The smallest sample size difference for my hypothesized group means and variance that still yields significance is 48 as shown in table 4. However, this was based on randomly generated data with the seed set to eliminate variation in the random number generation. To visualize the effect sample size with random variation in the data, the code was re-ran without the seed set.

See code chunk:

Reg_output <- NULL
trial_size <- NULL

h <- seq(from = 0, to = 84, by = 2) # create a sequence of means for one group

for(i in seq_along(h)){
   
    n_24h = h[i]; mean_24h = 0.8439886; var_24h = 0.0604894;
    n_48h = 84; mean_48h = 2.2456403; var_48h = 3.0218083;
    n_72h = 84; mean_72h = 2.7526489; var_72h = 7.8850666;
    n_144h = 84; mean_144h = 2.4733090; var_144h = 9.2351024;
        
    # Create a list with all input data
    input2 <- list(sim24h = c(n_24h, mean_24h,var_24h), 
                  sim48h = c(n_48h, mean_48h,var_48h),
                  sim72h = c(n_72h, mean_72h,var_72h),
                  sim144h = c(n_144h, mean_144h,var_144h))
    
    size_diff <- n_48h - n_24h # compute mean difference
    #set.seed(99)
    dfz <- sim_rnorm(input2) # create a randomly generated Time and AGER dataset
    
    RegOutput <- data.frame(t(Reg_Stat(dfz))) # computes the linear regression analysis of AGER(response) and Time
    tf <- data.frame(t(c(i, size_diff))) # create a dataframe with the trial no. and the mean diff. for the current trial
    
    trial_size <- rbind(trial_size, tf)    # update the 'trial_mean' dataframe
    Reg_output <-rbind(Reg_output, RegOutput) # update the 'Reg_output' dataframe
    
}

names(trial_size) <- c("Trial No", "Size Difference")
RegResults <- cbind(trial_size,Reg_output)
output <- RegResults %>% select(-Coefficient)

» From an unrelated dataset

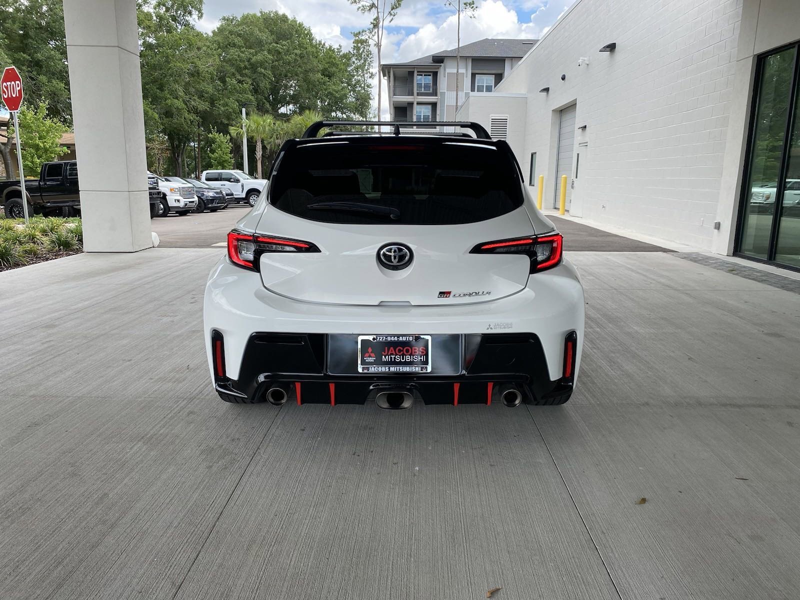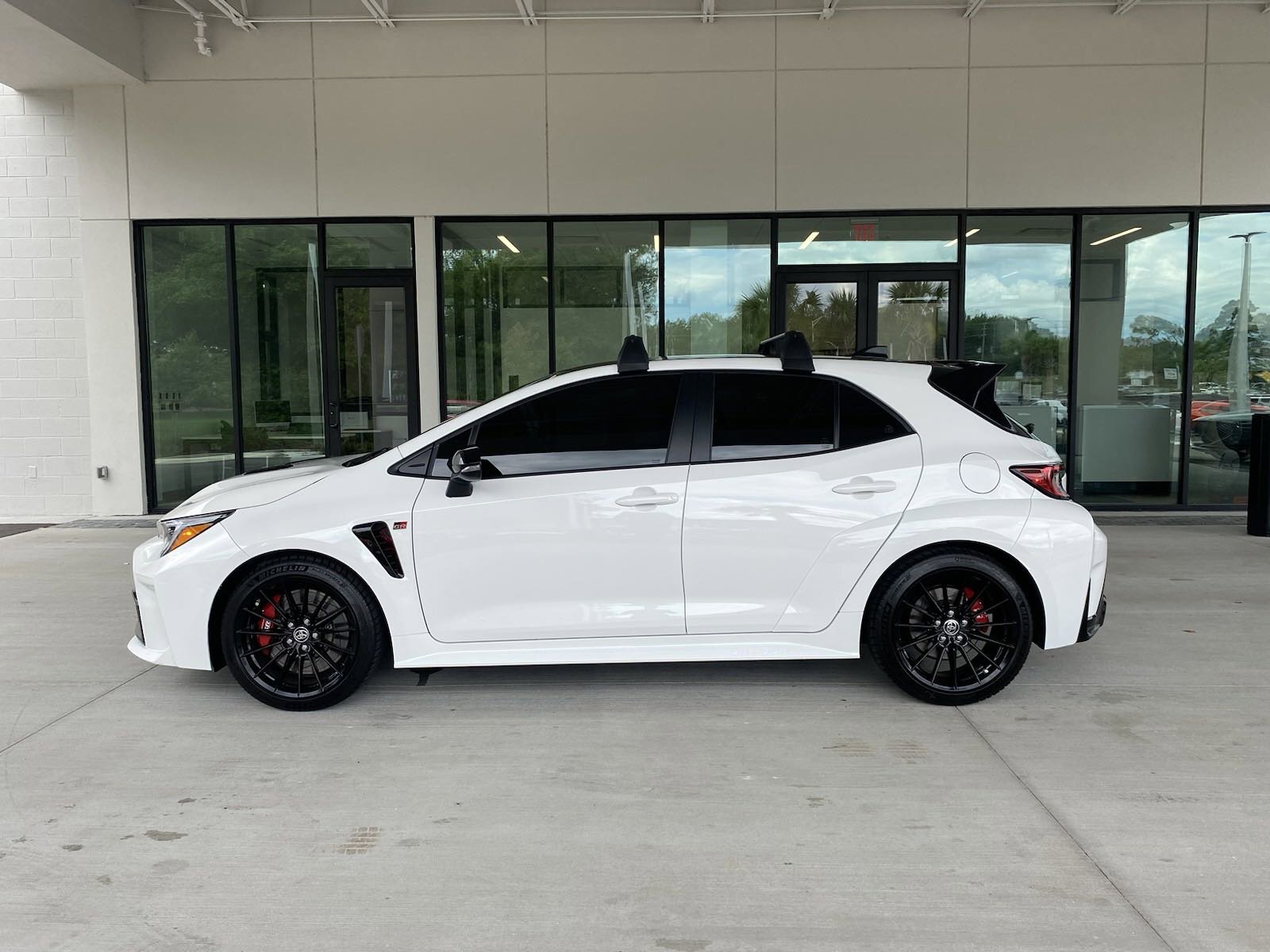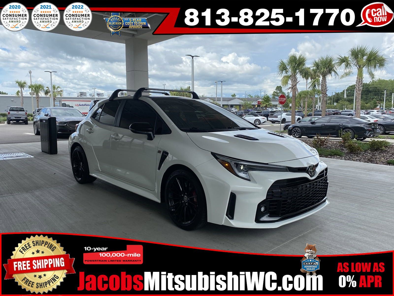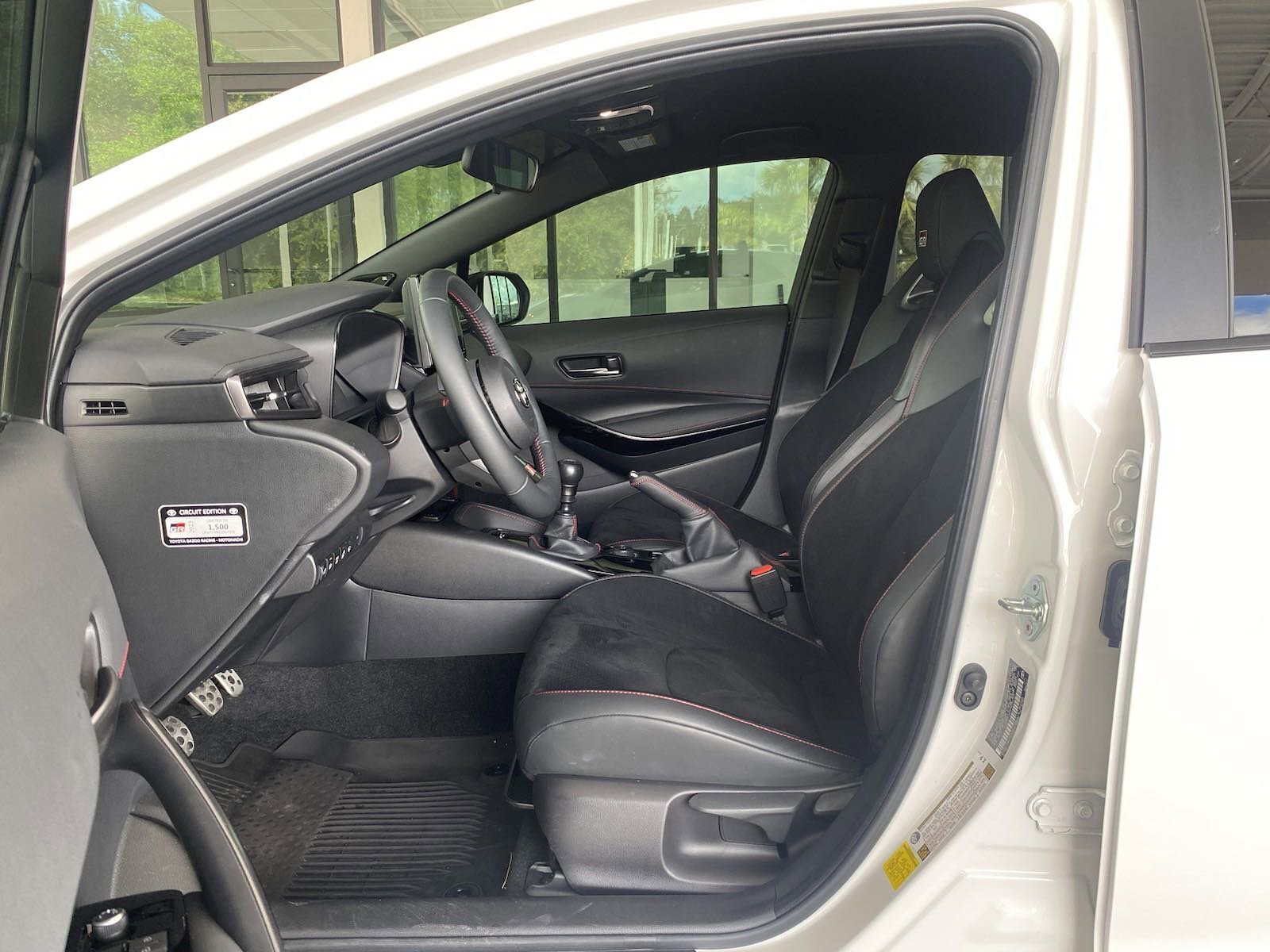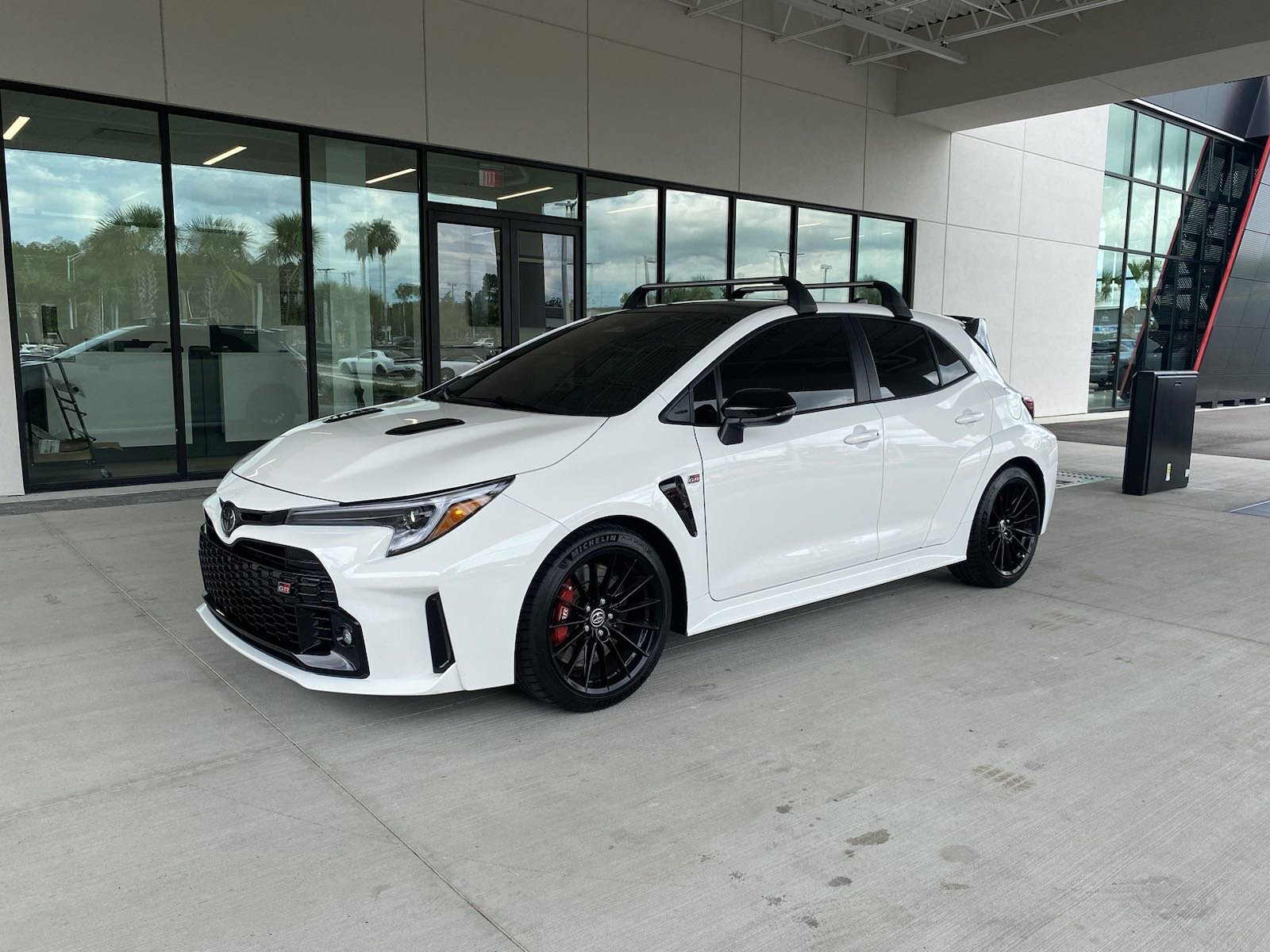GR Corolla Circuit Edition, 5D Hatchback, 1.6L I3 PDI Turbocharged DOHC 12V LEV3-ULEV70 300hp, 6-Speed Manual, AWD, Ice Cap, 4-Wheel Disc Brakes, 8 Speakers, ABS brakes, Air Conditioning, Alloy wheels, AM/FM radio: SiriusXM, Auto High-beam Headlights, Automatic temperature control, Brake assist, Brin-Naub & Synthetic Leather Seat Trim, Bumpers: body-color, Compass, Delay-off headlights, Driver door bin, Driver vanity mirror, Dual front impact airbags, Dual front side impact airbags, Electronic Stability Control, Emergency communication system: Safety Connect (up to 10-year trial subscription), Exterior Parking Camera Rear, Four wheel independent suspension, Front anti-roll bar, Front Bucket Seats, Front fog lights, Front reading lights, Fully automatic headlights, Heated front seats, Heated Sport Front Bucket Seats, Heated steering wheel, Illuminated entry, Knee airbag, Leather Shift Knob, Leather steering wheel, Low tire pressure warning, Navigation System, Navigation system: Drive Connect Cloud Navigation (1-year trial subscription), Occupant sensing airbag, Outside temperature display, Overhead airbag, Overhead console, Panic alarm, Passenger door bin, Passenger vanity mirror, Power door mirrors, Power steering, Power windows, Radio data system, Radio: Premium Audio w/8 JBL Speakers & Amplifier, Rear anti-roll bar, Rear seat center armrest, Rear side impact airbag, Rear window defroster, Rear window wiper, Remote keyless entry, Security system, Speed control, Speed-sensing steering, Split folding rear seat, Spoiler, Sport steering wheel, Steering wheel mounted audio controls, Tachometer, Telescoping steering wheel, Tilt steering wheel, Traction control, Trip computer, Turn signal indicator mirrors, Variably intermittent wipers, Wheels: 18" Cast Alloy Gloss Black 15 Spoke, GR Corolla Circuit Edition, 5D Hatchback, 1.6L I3 PDI Turbocharged DOHC 12V LEV3-ULEV70 300hp, 6-Speed Manual, AWD, Ice Cap, 4-Wheel Disc Brakes, 8 Speakers, ABS brakes, Air Conditioning, Alloy wheels, AM/FM radio: SiriusXM, Auto High-beam Headlights, Automatic temperature control, Brake assist, Brin-Naub & Synthetic Leather Seat Trim, Bumpers: body-color, Compass, Delay-off headlights, Driver door bin, Driver vanity mirror, Dual front impact airbags, Dual front side impact airbags, Electronic Stability Control, Emergency communication system: Safety Connect (up to 10-year trial subscription), Exterior Parking Camera Rear, Four wheel independent suspension, Front anti-roll bar, Front Bucket Seats, Front fog lights, Front reading lights, Fully automatic headlights, Heated front seats, Heated Sport Front Bucket Seats, Heated steering wheel, Illuminated entry, Knee airbag, Leather Shift Knob, Leather steering wheel, Low tire pressure warning, Navigation System, Navigation system: Drive Connect Cloud Navigation (1-year trial subscription), Occupant sensing airbag, Outside temperature display, Overhead airbag, Overhead console, Panic alarm, Passenger door bin, Passenger vanity mirror, Power door mirrors, Power steering, Power windows, Radio data system, Radio: Premium Audio w/8 JBL Speakers & Amplifier, Rear anti-roll bar, Rear seat center armrest, Rear side impact airbag, Rear window defroster, Rear window wiper, Remote keyless entry, Security system, Speed control, Speed-sensing steering, Split folding rear seat, Spoiler, Sport steering wheel, Steering wheel mounted audio controls, Tachometer, Telescoping steering wheel, Tilt steering wheel, Traction control, Trip computer, Turn signal indicator mirrors, Variably intermittent wipers, Wheels: 18" Cast Alloy Gloss Black 15 Spoke. 2023 Toyota GR Corolla Circuit Edition Ice Cap AWD 6-Speed Manual 1.6L I3 PDI Turbocharged DOHC 12V LEV3-ULEV70 300hp Clean CARFAX. CARFAX One-Owner. 21/28 City/Highway MPG

kable(output, caption = "**Table 5 - LR Output with Varying Group Size Difference (without seed set) **", align = "c")
Table 5 - LR Output with Varying Group Size Difference (without seed set)
Trial No Size Difference P.Value Conclusion
1 84 0.5468 Non-significant
2 82 0.05544 Non-significant
3 80 0.9721 Non-significant
4 78 0.2186 Non-significant
5 76 0.5577 Non-significant
6 74 0.2129 Non-significant
7 72 0.612 Non-significant
8 70 0.4714 Non-significant
9 68 0.1283 Non-significant
10 66 1.497e-06 Significant
11 64 0.03588 Significant
12 62 0.03044 Significant
13 60 0.1047 Non-significant
14 58 0.9671 Non-significant
15 56 0.9432 Non-significant
16 54 0.6843 Non-significant
17 52 0.0007491 Significant
18 50 0.07374 Non-significant
19 48 0.9746 Non-significant
20 46 0.1672 Non-significant
21 44 0.004454 Significant
22 42 0.0001467 Significant
23 40 0.8272 Non-significant
24 38 0.008273 Significant
25 36 0.0001807 Significant
26 34 0.0004801 Significant
27 32 0.001485 Significant
28 30 2.657e-05 Significant
29 28 2.095e-05 Significant
30 26 0.04369 Significant
31 24 0.06534 Non-significant
32 22 0.001869 Significant
33 20 0.07304 Non-significant
34 18 5.435e-06 Significant
35 16 9.15e-06 Significant
36 14 0.0002092 Significant
37 12 1.326e-09 Significant
38 10 3.67e-05 Significant
39 8 2.319e-05 Significant
40 6 4.337e-05 Significant
41 4 0.02904 Significant
42 2 2.284e-06 Significant
43 0 0.01453 Significant

As seen from table 5, there is no clear distinctive point where the significance changes due to the effect of random variation in the data between all the trial runs.